Directions: Which lines run from the one with "Ruszyliśmy do kolejnej" through the end of the data? Retype them exactly, without pictures.
Dataset records: Begin
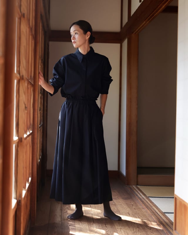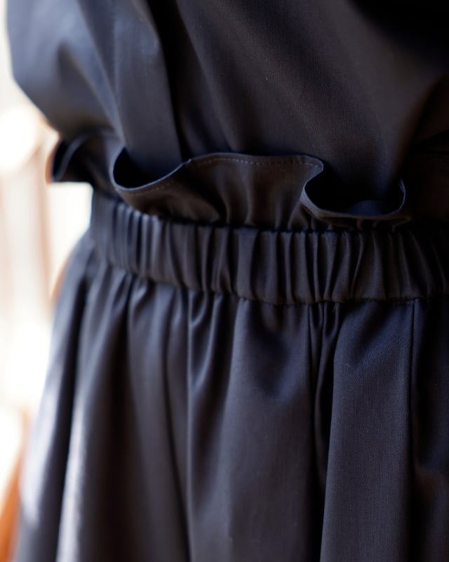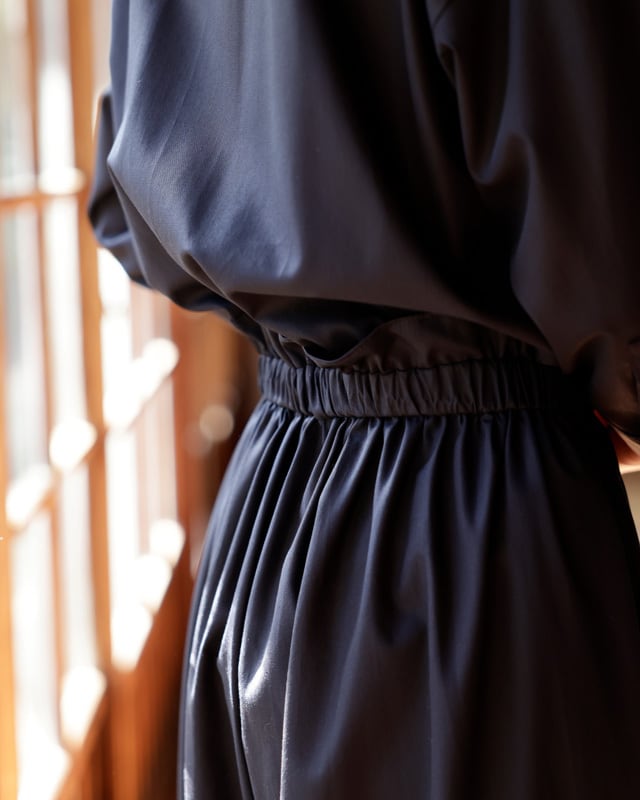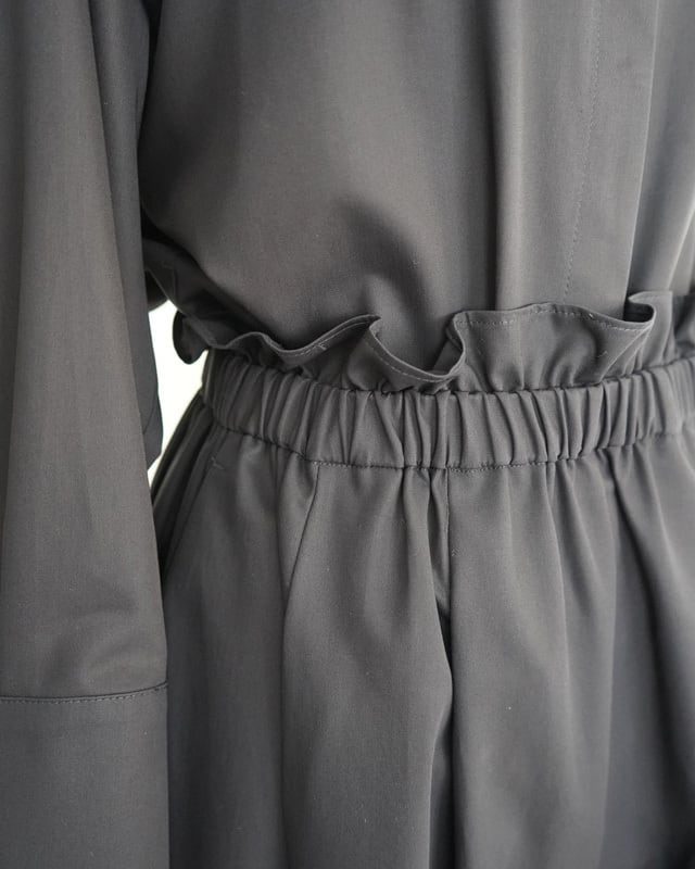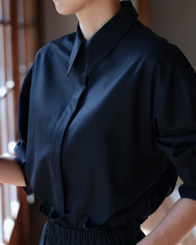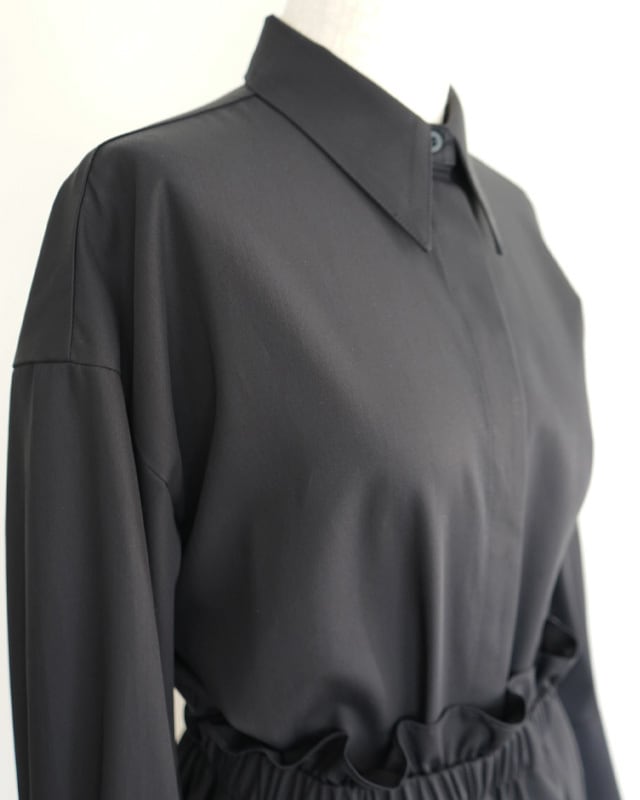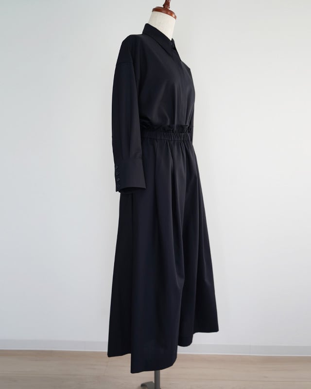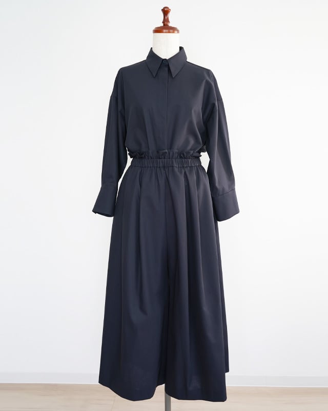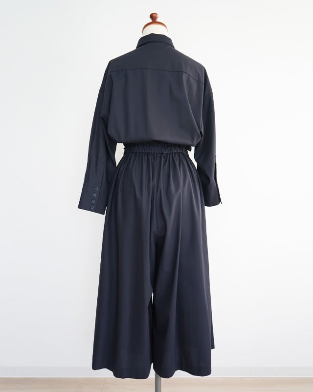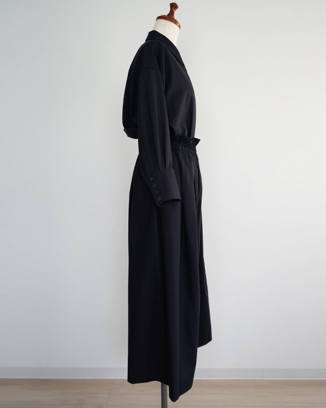シャープな襟が特徴のジャンプスーツ。微光沢のある強撚生地を使用し、クリーンなシルエットの衿とカフスで仕上げる事でメンズっぽさもありながらエレガントな印象も与える商品となりました。襟が付いているので上釦をはずしてネックレスをのぞかせたり、タートルをインナーに重ねて頂くなど様々なスタイリングでお楽しみ頂けます。お出かけやイベント事、お仕事などでも1枚で決まるアイテムです。
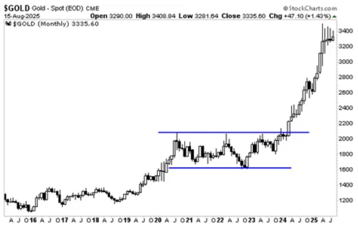 “So, what,” many investors would respond. “a rally from $2,300 to $3,200 means gold has gained just ~40% during the course of a year and a half many tech plays can rally that much in a matter of months!”
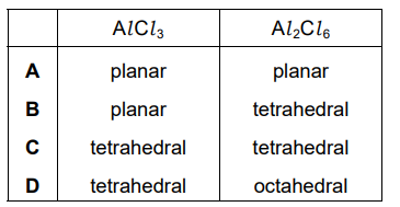 In the dimeric form (Al₂Cl₆), aluminium is tetrahedral (4 bonding pairs) due to coordinate bonds from chlorine bridging atoms. In the monomeric form (AlCl₃), aluminium is trigonal planar (3 bonding pairs) as it lacks a lone pair and forms 3 covalent bonds. This matches option B.
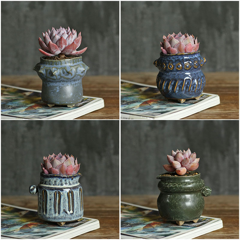 📚 养多肉的专用花盆粗陶手工捏花多肉造型花盆创意流釉多肉异形花盆
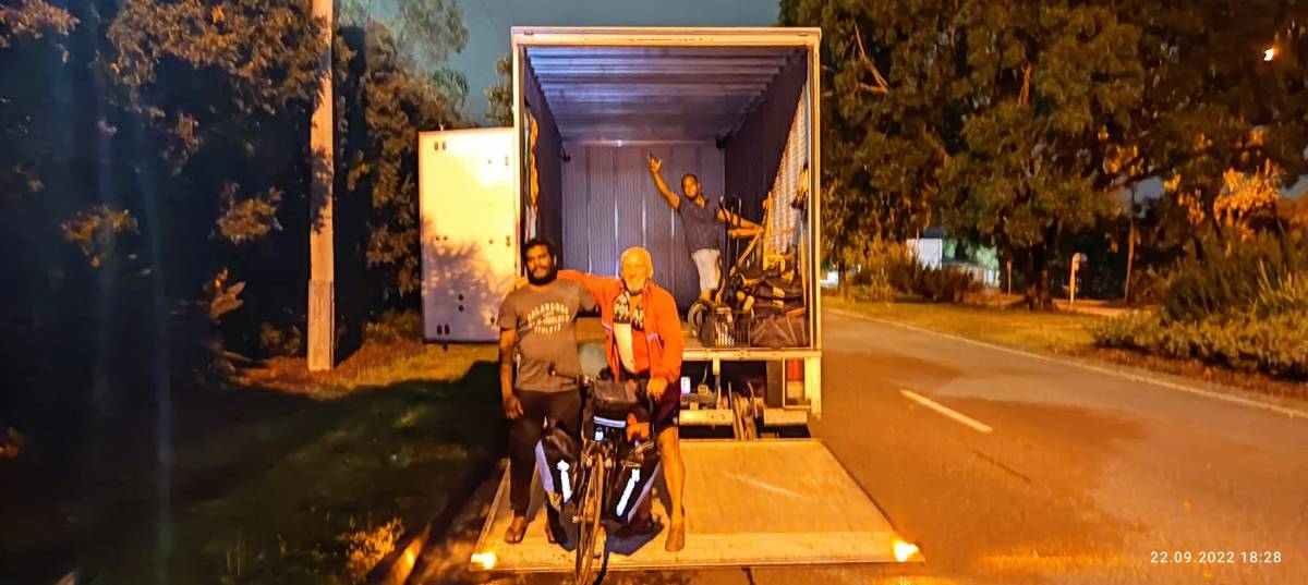 Ruszyliśmy do kolejnej stacji paliw na trasie, odległej o 17 km. Pogoda poprawiła się. Deszczyk ustąpił, wyszło słoneczko. Początkowo nic nie zapowiadało szczęśliwego finału. Kilka samochodów zatrzymało się, ale nikt nas nie zabrał. Minęło południe i miny mieliśmy coraz rzadsze, aż nagle ... zonk. Kolejny raz szczęście uśmiechnęło się do Stanisława. Namierzył samochód do przewozu mebli, który wracał pusty aż za Brisbane. Byliśmy uratowani. Naszym tłumaczem w rozmowie z kierowcami był Łukasz, mieszkający od lat w Australii, który swoją pomoc zaoferował nam wcześniej na FB.
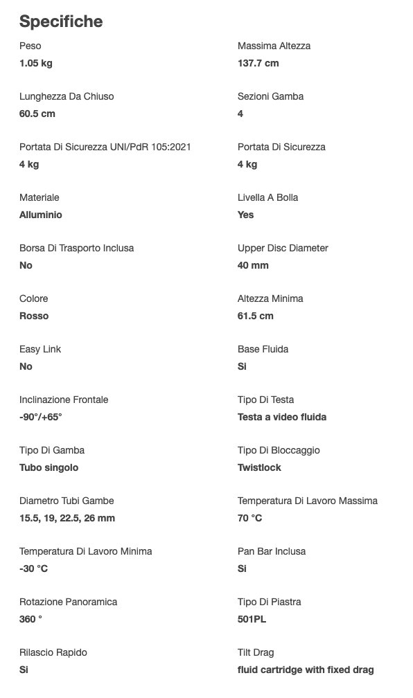 Monopiede con Testa 4 Kg ELEMENT MII Kit Video Black e Red MVMELMIIA4LIVE
Dataset records: End
Task response:
 Ruszyliśmy do kolejnej stacji paliw na trasie, odległej o 17 km. Pogoda poprawiła się. Deszczyk ustąpił, wyszło słoneczko. Początkowo nic nie zapowiadało szczęśliwego finału. Kilka samochodów zatrzymało się, ale nikt nas nie zabrał. Minęło południe i miny mieliśmy coraz rzadsze, aż nagle ... zonk. Kolejny raz szczęście uśmiechnęło się do Stanisława. Namierzył samochód do przewozu mebli, który wracał pusty aż za Brisbane. Byliśmy uratowani. Naszym tłumaczem w rozmowie z kierowcami był Łukasz, mieszkający od lat w Australii, który swoją pomoc zaoferował nam wcześniej na FB.
 Monopiede con Testa 4 Kg ELEMENT MII Kit Video Black e Red MVMELMIIA4LIVE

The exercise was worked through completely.